A polícia é misógina, as demais instituições sociais são misóginas, eu sou misógina e você também é. Esse é o tipo de assunto que as pessoas evitam porque provoca uma paralisia social. O famoso “sempre foi assim, o que podemos fazer?” Mas a misoginia não fica no abstrato – ela se concretiza o tempo todo. É um soco no estômago, ou melhor, uma facada no peito. Três facadas no peito da nossa querida Vanessa Ricarte: mulher, jornalista, amiga, filha, irmã. Brutalmente assassinada na quarta-feira, em Campo Grande, pelo ex-noivo, que não aceitou a separação e a retirou de cena para sempre.
A misoginia paira no ar quase que em um estado metafísico. Misoginia é o desprezo, aversão ou preconceito contra mulheres. Pode se manifestar de várias formas, como discriminação, violência, desvalorização, assédio e reforço de estereótipos que inferiorizam ou limitam as mulheres. A misoginia está presente em diferentes aspectos da sociedade, incluindo a cultura, a política, o trabalho e as relações interpessoais.
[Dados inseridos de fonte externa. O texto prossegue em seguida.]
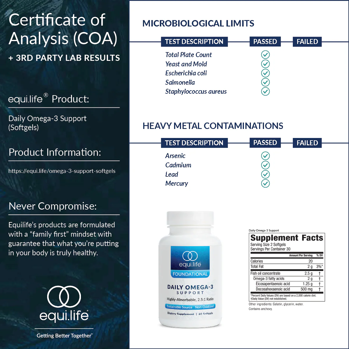 Omega-3 fatty acids are essential for healthy nutrition, yet obtaining high-quality sources through diet alone can be challenging. Omega-3 Support by EquiLife provides 2.5g of sustainably sourced, and superior triglyceride formulated fish oil for enhanced absorption. With Omega-3 Support, modulating inflammation, supporting a healthy heart and brain is not only good for you but also good for the planet.

O que aconteceu com Vanessa é a corporificação dessa misoginia, algo sobre o qual ninguém realmente quer falar.
A polícia, estruturada em uma lógica patriarcal, foi negligente e mandou Vanessa de volta para o seu algoz quando ela pediu ajuda. Vanessa é assassinada. As redes sociais reagem com desdém ao fato de ela ter se envolvido com uma pessoa que tinha antecedentes criminais. Em seguida, um áudio de Vanessa é publicado, em que ela descreve o descaso com que foi tratada na delegacia, momentos antes de seu assassinato. As redes sociais começam a culpar outra mulher pelo crime, a delegada.
A misoginia funciona como um elemento estruturante social. É uma força que organiza a sociedade. Nos dias que se seguem à morte de Vanessa, essa norma social tenta se reestruturar, não perder força, e nós somos os interlocutores reorganizando essa força. Estruturas hegemônicas, como a misoginia, estão constantemente renegociando seu status de poder nas camadas da sociedade, seja no foro privado, como na instituição da família, seja em estruturas públicas, como a escola, o trabalho, os Três Poderes e a mídia.
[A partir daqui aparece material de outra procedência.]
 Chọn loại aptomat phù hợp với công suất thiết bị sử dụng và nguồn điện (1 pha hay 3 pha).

A mídia tem o papel de ser um fórum de discussão sobre o público e já avançou em muitas pautas de justiça social. Quando a feminista Nancy Fraser escreveu sua crítica à esfera pública, ela ponderou que a mídia tem a capacidade de transmutar o que a cultura muitas vezes assume como pertencente à esfera privada para a esfera pública. A violência contra a mulher é exatamente um exemplo que Fraser utiliza: a briga de marido e mulher era (e ainda é) frequentemente alinhada à esfera privada, quando, na verdade, é um assunto de foro público.
Essas três facadas no peito foram sentidas, cessaram a vida de Vanessa e evidenciam a misoginia em sua forma mais brutal e insidiosa. A imprensa tem agora uma oportunidade única: abordar temas desconfortáveis, discutir a misoginia estrutural dentro e fora de casa. Não se trata apenas de encontrar culpados, mas de tratar o tema em dimensão sistêmica – e só a imprensa pode fazê-lo. Ela é ainda o espaço público mais referencial para o debate social. Vanessa era uma jornalista competente e acreditava na imprensa. Teve a coragem de se levantar e denunciar seu algoz, quando muitas de nós não tivemos essa coragem. Que esse levante não seja em vão.